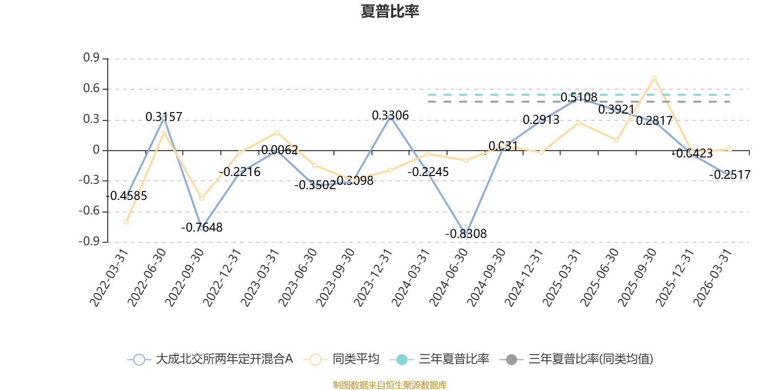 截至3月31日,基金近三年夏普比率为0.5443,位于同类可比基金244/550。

--

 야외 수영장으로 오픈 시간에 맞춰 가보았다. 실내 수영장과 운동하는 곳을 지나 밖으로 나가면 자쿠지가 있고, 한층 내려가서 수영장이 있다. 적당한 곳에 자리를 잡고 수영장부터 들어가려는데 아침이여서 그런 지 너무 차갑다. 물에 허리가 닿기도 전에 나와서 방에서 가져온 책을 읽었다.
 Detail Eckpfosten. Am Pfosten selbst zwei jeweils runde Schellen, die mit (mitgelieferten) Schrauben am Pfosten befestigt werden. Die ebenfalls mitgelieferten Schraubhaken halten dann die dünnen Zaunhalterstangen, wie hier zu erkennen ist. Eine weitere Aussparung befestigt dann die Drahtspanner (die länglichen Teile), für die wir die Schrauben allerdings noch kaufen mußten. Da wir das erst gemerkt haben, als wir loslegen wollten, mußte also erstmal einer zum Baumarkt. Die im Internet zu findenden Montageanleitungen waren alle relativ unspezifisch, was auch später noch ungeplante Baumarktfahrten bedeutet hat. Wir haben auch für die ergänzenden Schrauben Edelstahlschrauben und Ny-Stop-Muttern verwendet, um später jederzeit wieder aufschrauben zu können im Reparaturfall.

PROBLEM STATEMENT: Using the listing above, copy exactly the line that contains "야외 수영장으로 오픈", the line that contains "Detail Eckpfosten. Am", and each line that falls between them.

ANSWER BOX:
 야외 수영장으로 오픈 시간에 맞춰 가보았다. 실내 수영장과 운동하는 곳을 지나 밖으로 나가면 자쿠지가 있고, 한층 내려가서 수영장이 있다. 적당한 곳에 자리를 잡고 수영장부터 들어가려는데 아침이여서 그런 지 너무 차갑다. 물에 허리가 닿기도 전에 나와서 방에서 가져온 책을 읽었다.
 Detail Eckpfosten. Am Pfosten selbst zwei jeweils runde Schellen, die mit (mitgelieferten) Schrauben am Pfosten befestigt werden. Die ebenfalls mitgelieferten Schraubhaken halten dann die dünnen Zaunhalterstangen, wie hier zu erkennen ist. Eine weitere Aussparung befestigt dann die Drahtspanner (die länglichen Teile), für die wir die Schrauben allerdings noch kaufen mußten. Da wir das erst gemerkt haben, als wir loslegen wollten, mußte also erstmal einer zum Baumarkt. Die im Internet zu findenden Montageanleitungen waren alle relativ unspezifisch, was auch später noch ungeplante Baumarktfahrten bedeutet hat. Wir haben auch für die ergänzenden Schrauben Edelstahlschrauben und Ny-Stop-Muttern verwendet, um später jederzeit wieder aufschrauben zu können im Reparaturfall.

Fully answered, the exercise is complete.